What is a systematic review?
A systematic review is a summary of available research on a particular topic; and similar to a literature review. It identifies, assesses and synthesises the findings from multiple studies to answer specific questions. The key difference from a literature review is that it approaches evidence systematically, thus avoiding potential bias in findings.
What did we do in our systematic review?
Last year, the EIB Group’s Evaluation Division conducted a systematic review of residential energy efficiency. This was the first time we used a systematic review. To ensure that we would get the most from this pilot, we worked with the International Initiative for Impact Evaluations, known as 3ie, a global leader in producing and synthesising rigorous evidence. Along the way we learned some lessons useful for other evaluators we’d like to share:
- Advantages of using a systematic review
- Why starting with an evidence map can be helpful
- Trade-offs to bear in mind when undertaking a systematic review
What are the advantages of a systematic review?

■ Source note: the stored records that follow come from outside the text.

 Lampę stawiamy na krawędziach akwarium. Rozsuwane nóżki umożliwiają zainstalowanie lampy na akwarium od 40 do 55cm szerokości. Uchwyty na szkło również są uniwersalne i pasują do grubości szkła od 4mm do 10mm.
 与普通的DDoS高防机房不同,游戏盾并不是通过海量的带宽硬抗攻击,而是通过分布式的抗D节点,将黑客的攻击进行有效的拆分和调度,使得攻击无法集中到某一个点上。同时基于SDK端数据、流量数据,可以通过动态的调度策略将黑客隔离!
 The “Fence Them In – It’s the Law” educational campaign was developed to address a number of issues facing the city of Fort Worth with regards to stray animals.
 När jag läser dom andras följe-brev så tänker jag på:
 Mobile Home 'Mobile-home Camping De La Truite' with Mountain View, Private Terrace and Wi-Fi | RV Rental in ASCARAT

Often there is a large amount of existing evidence available. What’s more, findings from the evidence can at times appear to be contradictory, either due to the quality of the research, or because results are influenced by the circumstances under which the research has taken place. By collating, appraising and then summarising the evidence, systematic reviews facilitate the use of the evidence.
This makes them especially useful for decision makers without much time on their hands, who want to understand what works, and what doesn’t work under which circumstances. But systematic reviews are equally useful for evaluators and researchers who can see where a lot of solid evidence already exists and where gaps remain.
In a systematic review:
- The scope and methods are defined upfront in a study protocol, which sets out clear inclusion criteria (transparent)

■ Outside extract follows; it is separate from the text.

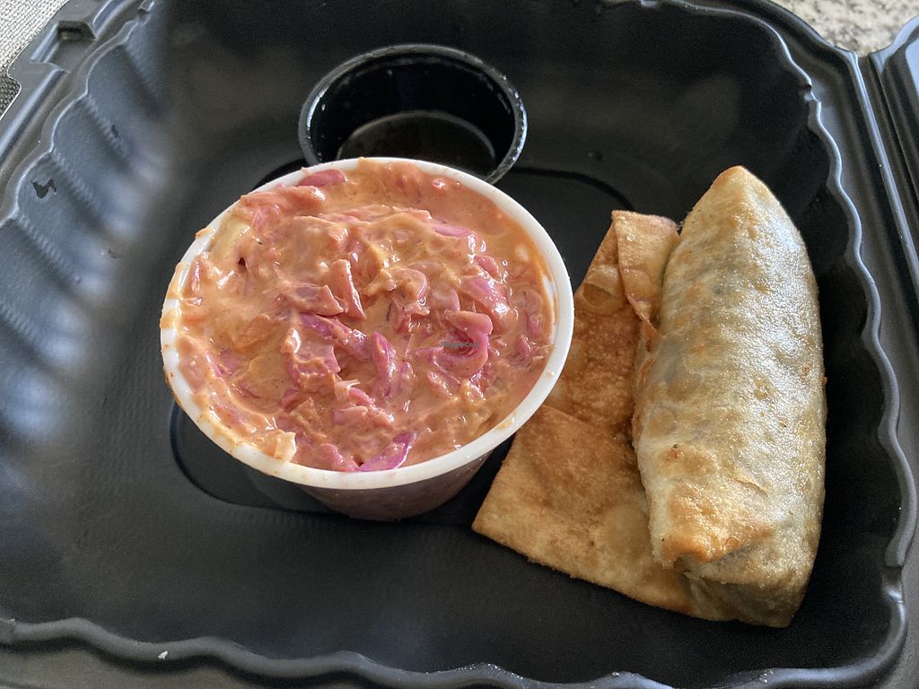 I ordered from here because I wanted to support a vegan place at North Market. The owner was very friendly, and the food had good flavors. They were out of a lot of stock when I was here (due to a convention) so choices were limited. Even their full menu isn't huge, so there weren't that many items that appealed to me. I would eat here again, but not as much as other places in NM.

- The search is comprehensive and includes published and unpublished studies, in any language (unbiased)
- A critical appraisal of the quality of studies is carried out to assess the reliability of studies that are included (rigorous)

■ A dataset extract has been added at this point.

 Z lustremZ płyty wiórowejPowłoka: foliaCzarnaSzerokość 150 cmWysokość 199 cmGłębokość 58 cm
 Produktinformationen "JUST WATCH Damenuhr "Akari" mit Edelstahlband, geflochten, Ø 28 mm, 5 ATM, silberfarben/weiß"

- Data extraction and organisation is systematic and reproducible (transparency)
What is an evidence (gap) map?
An evidence gap map is a tool designed to provide an overview of the existing evidence on a topic.
Why starting with an evidence map can be useful
Instead of agreeing a topic and research question for our systematic review, then collecting the available evidence and synthesising the findings, we started the review by mapping the evidence. The advantages of this approach are that it puts together an inventory of all the available evidence, which can help identify future research priorities and void duplication of effort.